EXERCISE AIM -
Select, from the data, each line where "Ирана" occurs.

DATASET EXTRACT -
+++
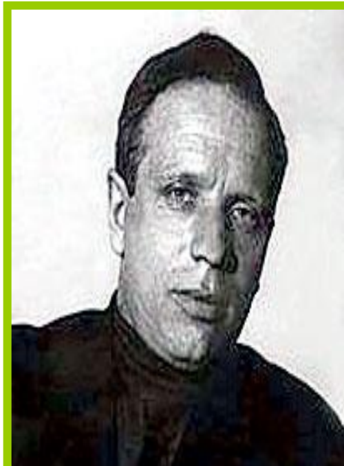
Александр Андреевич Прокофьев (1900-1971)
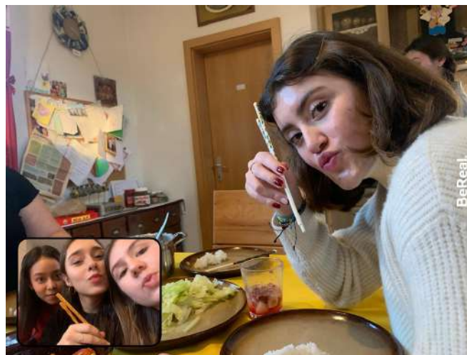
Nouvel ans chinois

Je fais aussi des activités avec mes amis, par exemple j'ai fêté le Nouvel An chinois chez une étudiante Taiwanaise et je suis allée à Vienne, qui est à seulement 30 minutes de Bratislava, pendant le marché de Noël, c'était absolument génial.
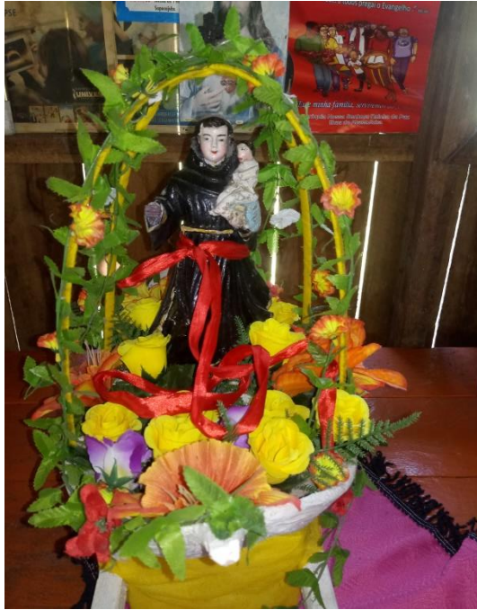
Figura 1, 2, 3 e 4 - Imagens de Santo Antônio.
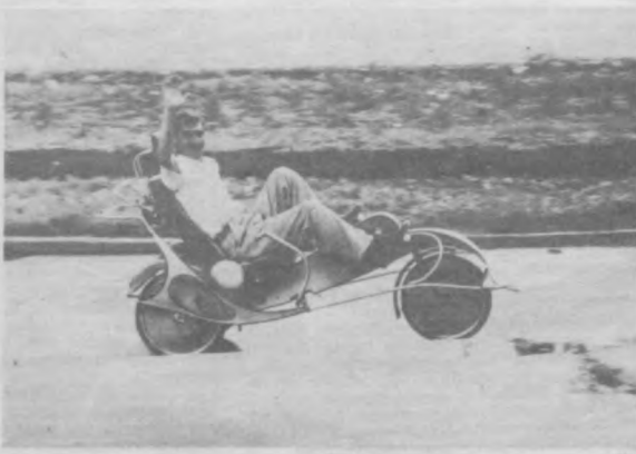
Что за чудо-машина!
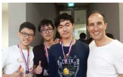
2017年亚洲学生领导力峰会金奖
+++
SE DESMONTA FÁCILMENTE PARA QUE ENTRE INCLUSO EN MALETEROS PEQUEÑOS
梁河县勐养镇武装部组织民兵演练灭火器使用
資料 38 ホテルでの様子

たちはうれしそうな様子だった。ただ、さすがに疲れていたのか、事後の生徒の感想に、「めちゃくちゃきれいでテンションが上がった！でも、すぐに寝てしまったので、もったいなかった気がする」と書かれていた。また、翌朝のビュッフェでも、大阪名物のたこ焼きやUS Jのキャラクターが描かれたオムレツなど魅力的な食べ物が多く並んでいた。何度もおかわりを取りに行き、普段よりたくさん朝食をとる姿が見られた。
+++
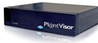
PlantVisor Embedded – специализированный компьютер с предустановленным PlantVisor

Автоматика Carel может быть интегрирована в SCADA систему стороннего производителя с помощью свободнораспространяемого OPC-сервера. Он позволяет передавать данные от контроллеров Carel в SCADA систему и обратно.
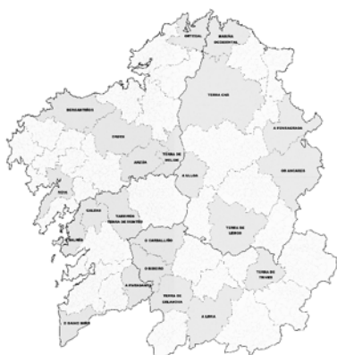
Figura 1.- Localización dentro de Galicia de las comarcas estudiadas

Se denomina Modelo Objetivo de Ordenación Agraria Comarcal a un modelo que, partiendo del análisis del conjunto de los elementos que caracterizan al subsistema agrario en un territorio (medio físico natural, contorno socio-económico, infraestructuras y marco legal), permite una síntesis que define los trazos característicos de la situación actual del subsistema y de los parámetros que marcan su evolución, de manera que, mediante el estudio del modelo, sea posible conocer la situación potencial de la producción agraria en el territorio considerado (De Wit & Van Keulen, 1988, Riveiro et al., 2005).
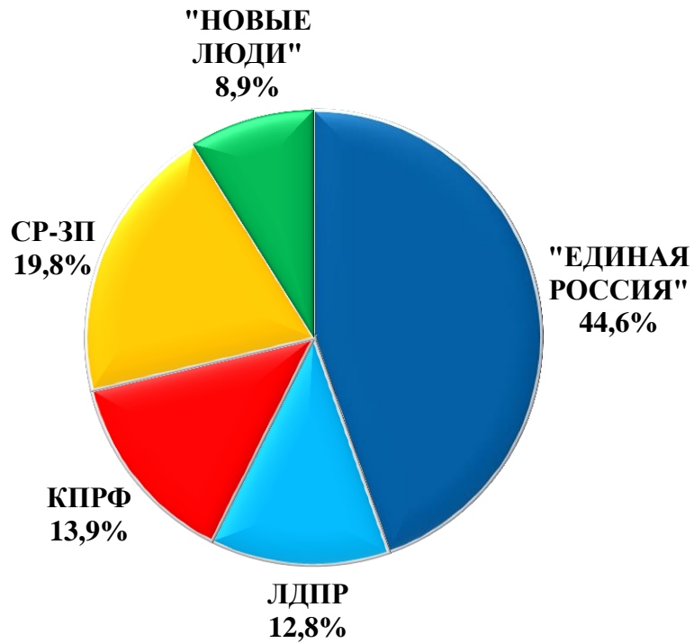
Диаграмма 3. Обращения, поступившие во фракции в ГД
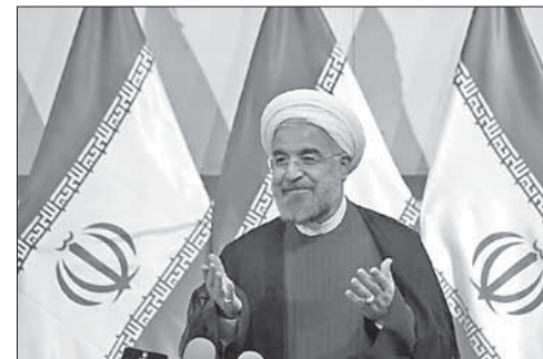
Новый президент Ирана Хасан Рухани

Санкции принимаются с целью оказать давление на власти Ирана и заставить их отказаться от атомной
+++
RESPONSE TO THE TASK -
Новый президент Ирана Хасан Рухани
Санкции принимаются с целью оказать давление на власти Ирана и заставить их отказаться от атомной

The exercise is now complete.